The film explores fifteen case studies of servicemen and women who saw action in Basra.  But it is us, not them who were sleeping through the war. It is us, the audience, whose apathy in the run-up to the war did nothing to prevent the destruction of hundreds of thousands of innocent civilian Iraqi lives. Who can forget the feeling of utter helplessness watching the televised bombing of Basra and Baghdad in the sickening and eerie green-glow of the night cameras?

Another of Richard Jobsons’s current film ventures is the sequel to Quadraphenia, which I can’t wait to see. The original  made thirty years ago around the time that he and I were going out together as friends.
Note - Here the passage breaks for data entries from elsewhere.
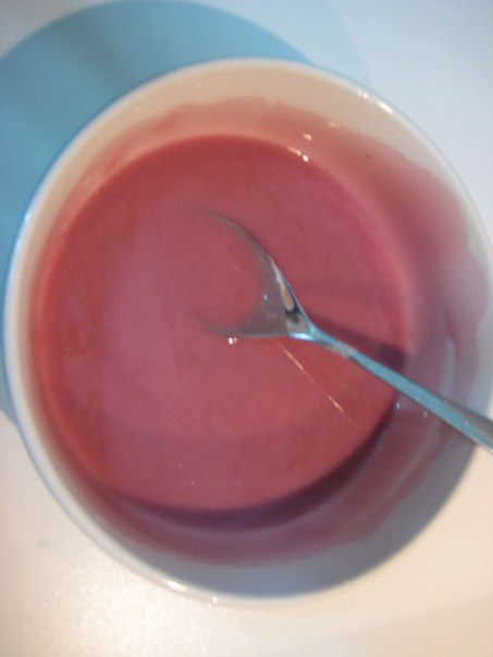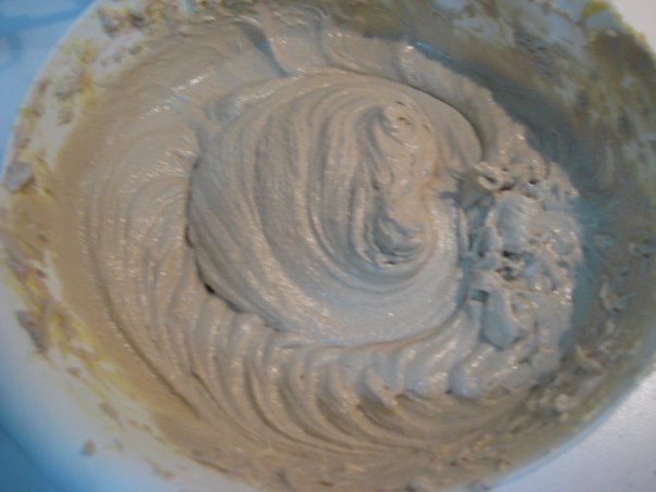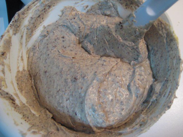 Всыпать муку с разрыхлителем и 125 мл глинтвейна, взбить до однородности. Тесто получается, как густая сметана, грязно-розового цвета.
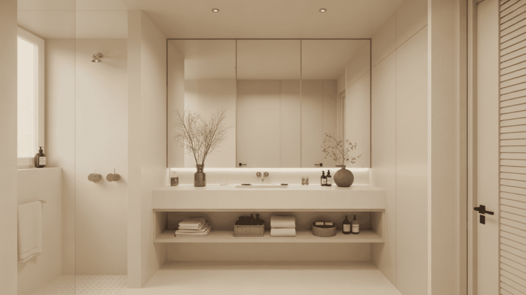 A clutter-free bathroom is essential for achieving a true spa-like atmosphere. Minimalist storage helps keep everyday items out of sight, allowing the space to feel calm, clean, and organized. When surfaces are clear, the bathroom becomes more relaxing and visually balanced.
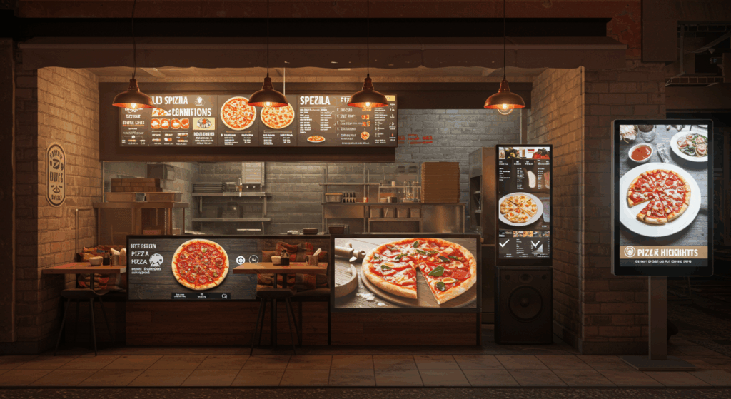 📺 TV indoor exibindo os destaques do seu cardápio
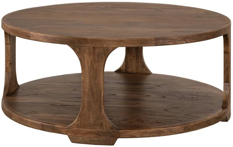 Our Balam occasional tables are handcrafted from mango and teak wood. This simple yet stunning collection will bring an organic, modern touch to your space. The Balam stained brown round cocktail table features a sleek modern design with a convenient bottom shelf, combining natural warmth and functional elegance.Read More
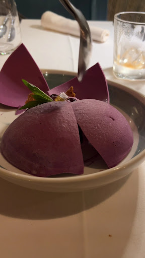 Desert was excellent: Bulgarian 2.0. Yogurt done violet was broken to revealed cream of violet with jelly and honey comb cracker and frozen yogurt dome.
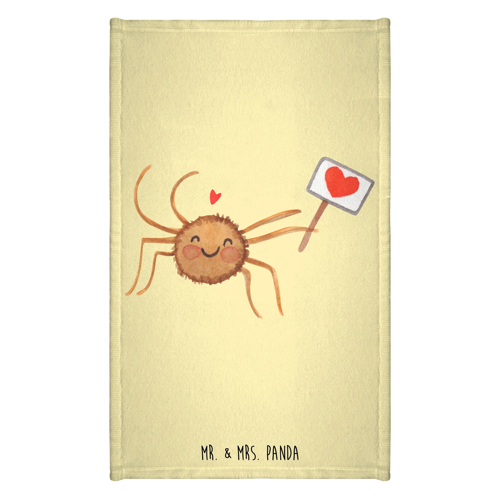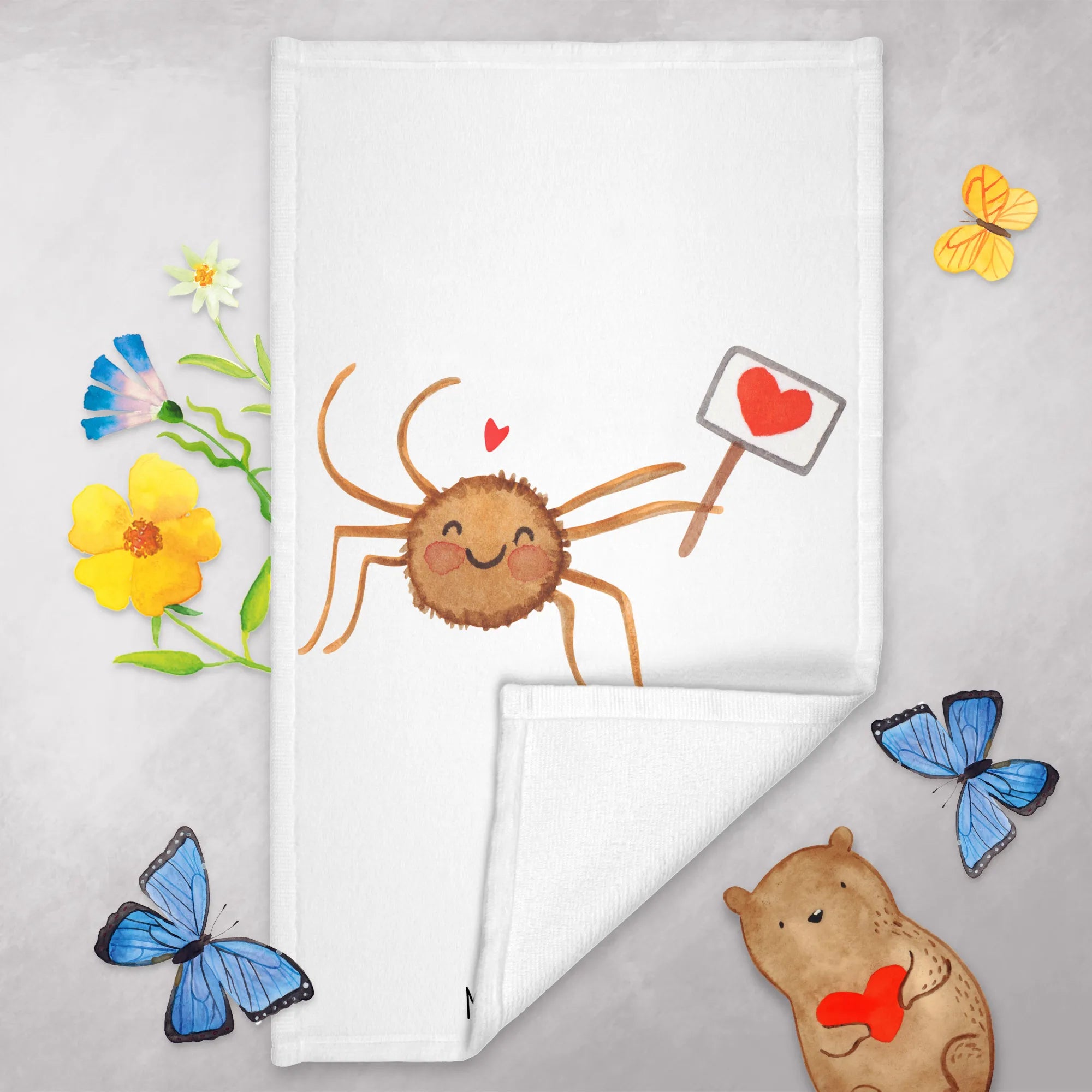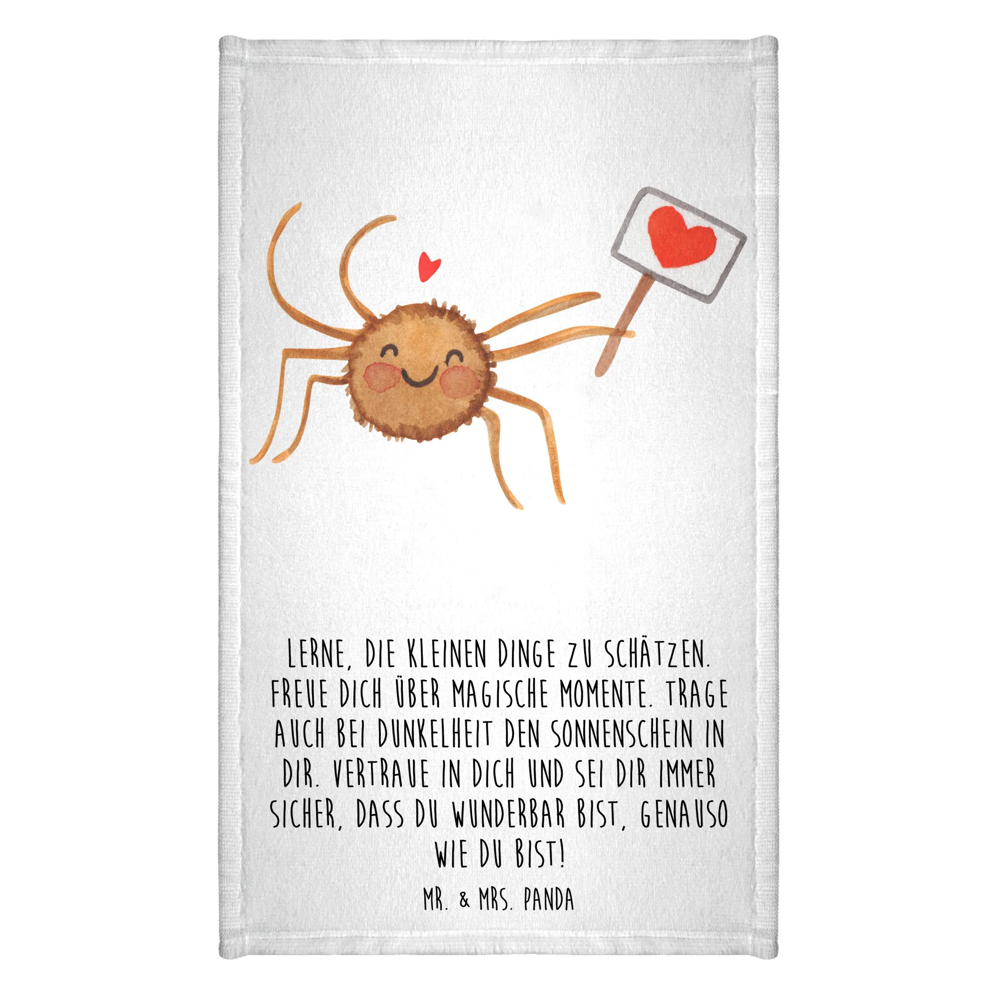 Das bezaubernde Gästehandtuch Spinne Agathe Motivation aus der Kollektion Spinne Agathe von Mr. & Mrs. Panda ist nicht nur ein praktischer Begleiter, sondern auch eine Quelle der Inspiration und des Glücks. Mit seinem einzigartigen Design, das die fröhliche Spinne Agathe zeigt, die ein Herzschild hält und leuchtend lächelt, bringt es Farbe und Freude in jedes Badezimmer.

It is clear that his ambition, confidence and fearlessness is undiminished, and that his agile mind switches from religion, to poetry, to film, to art with ease. What I didn’t know, was that his upbringing was both Catholic and Communist, or just how much that had influenced his versatile and charismatic skill-set.

Jobson's childhood certainly gave him a love of cinema and film. And, he talked candidly about his hopes for kids from drug-ridden towns and cities in Scotland where all three generations of the same family; grandparents, parents and children are addicts.  He believes that teenagers need to learn "commitment" if they are to fully take hold of artistic and other aspirations for themselves.

A Mighty Big If is a night to remember. I caught up with other film-loving friends like “cheeky” Sara Neighbour, the set decorator on Bend in Like Beckham, who I hadn't seen in twenty years. We sat together in the chapel and later laughed and chatted in the courtyard garden under the plane trees and in the crimson-lit bar room in the strangely beautiful House of St Barnabas, the home of the fictional Dr Mannette in Dickens A Tale of Two Cities, who bestowed his name on the street, formerly known as Rose Street, a meeting place for real-life radicals and leaders since 1870.